Wednesday, November 12, 2008

I was reading AMD's Pat Moorehead's blog post on mini-notebooks (Netbooks in Intel-speak; research companies are using the mini-notebook name). Pat's become Mr. Gadget for AMD, which is funny considering AMD is not really in the gadget business.

Back to mini-notes - Pat divides the use model into two types: at home and away from home. Pat's ideal "at-home" mini-note is really just a small notebook like a MacBook Air. The "away-from-home" mini-note is also overkill. I kinda agree with the 1024x768 display, but actually I'd like 1280x768 like my dear departed Crusoe-based Fujitsu P2110 (I still have the parts; I tried to figure out why it died, but couldn't diagnose the reason it wouldn't power up for more than a second or two). I like having a solid state drive because it make the mini-note more rugged to use - like a remote control or a handheld game console. If the content is going to be stored in the cloud or my home network storage - I don't need a large drive. I would like the same amount as an iPOD Touch - 16-32GB. To get to the aggressive price point- there are compromises that must be made. But it clear that consumers won't pay a premium for small size.

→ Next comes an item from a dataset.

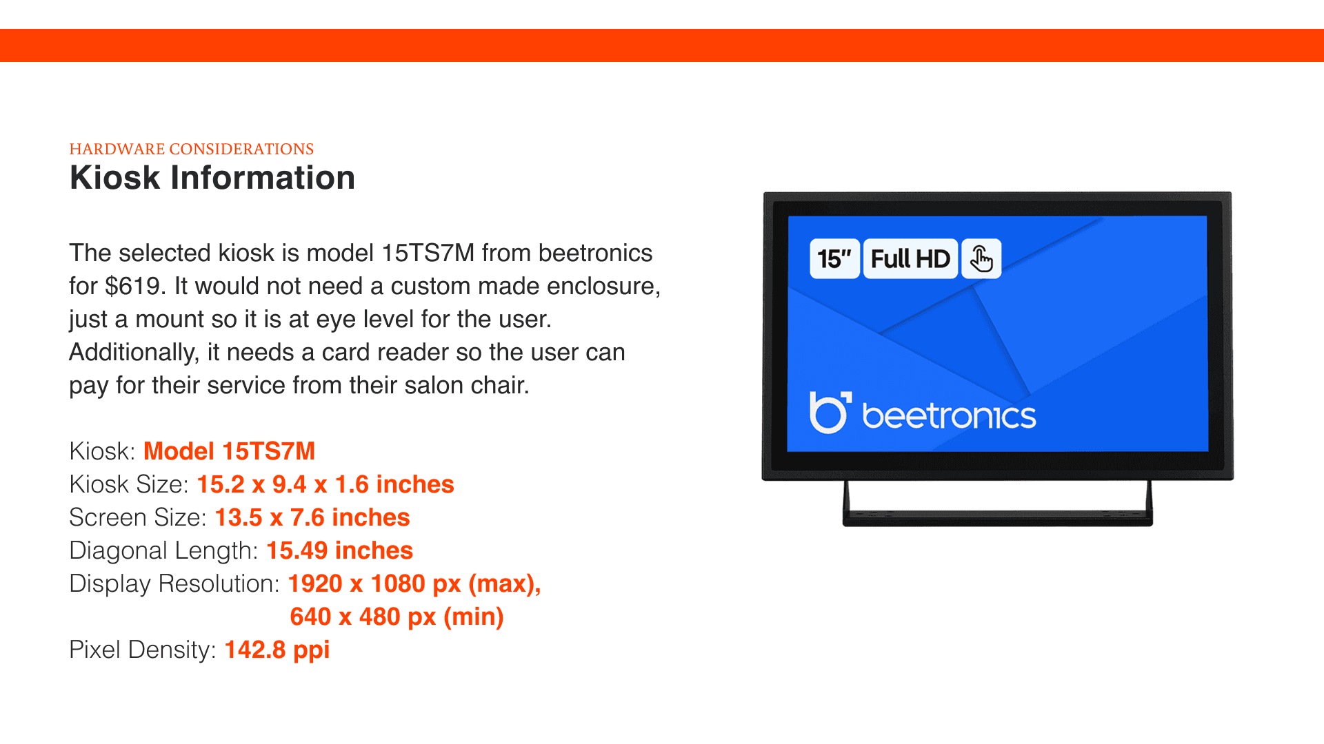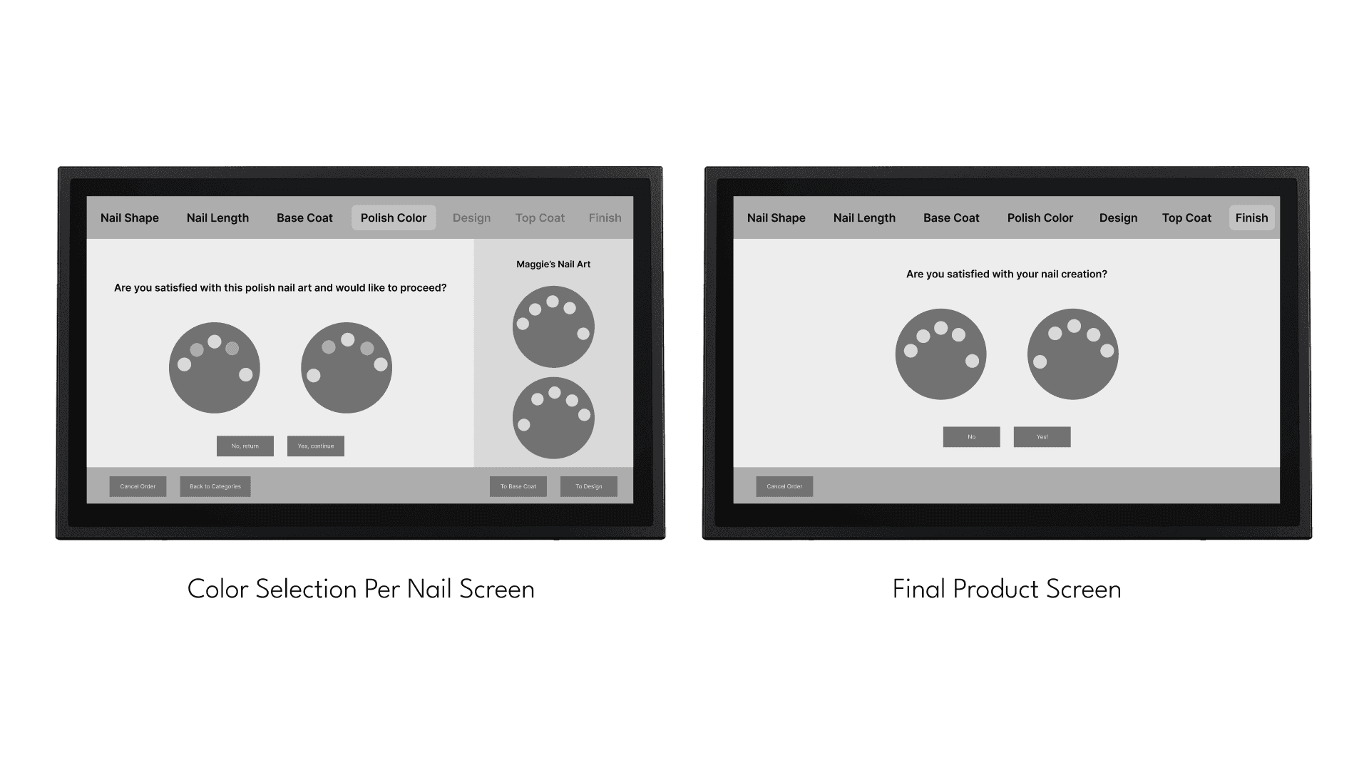 2) By creating a kiosk-based experience, I expanded how and where the service could be used, demonstrating how digital systems can increase accessibility and brand reach.

Looking over at my gadget collection, you can see that I own the original ASUS Eee PC 701 with the Linux OS and have used it. It's just to difficult to use on a regular basis. I'm planning to keep our wine list on it and it's still useful for casual browsing or chat.

I'm holding out for a mini-note with NVIDIA graphics :-)
On the eve of AMD's Financial Analyst Day, did anyone find it odd that Intel decided to release its lower guidance? If that doesn't scare the bejesus out of the financial analysts, I don't know what will. That's just plain mean (of Intel).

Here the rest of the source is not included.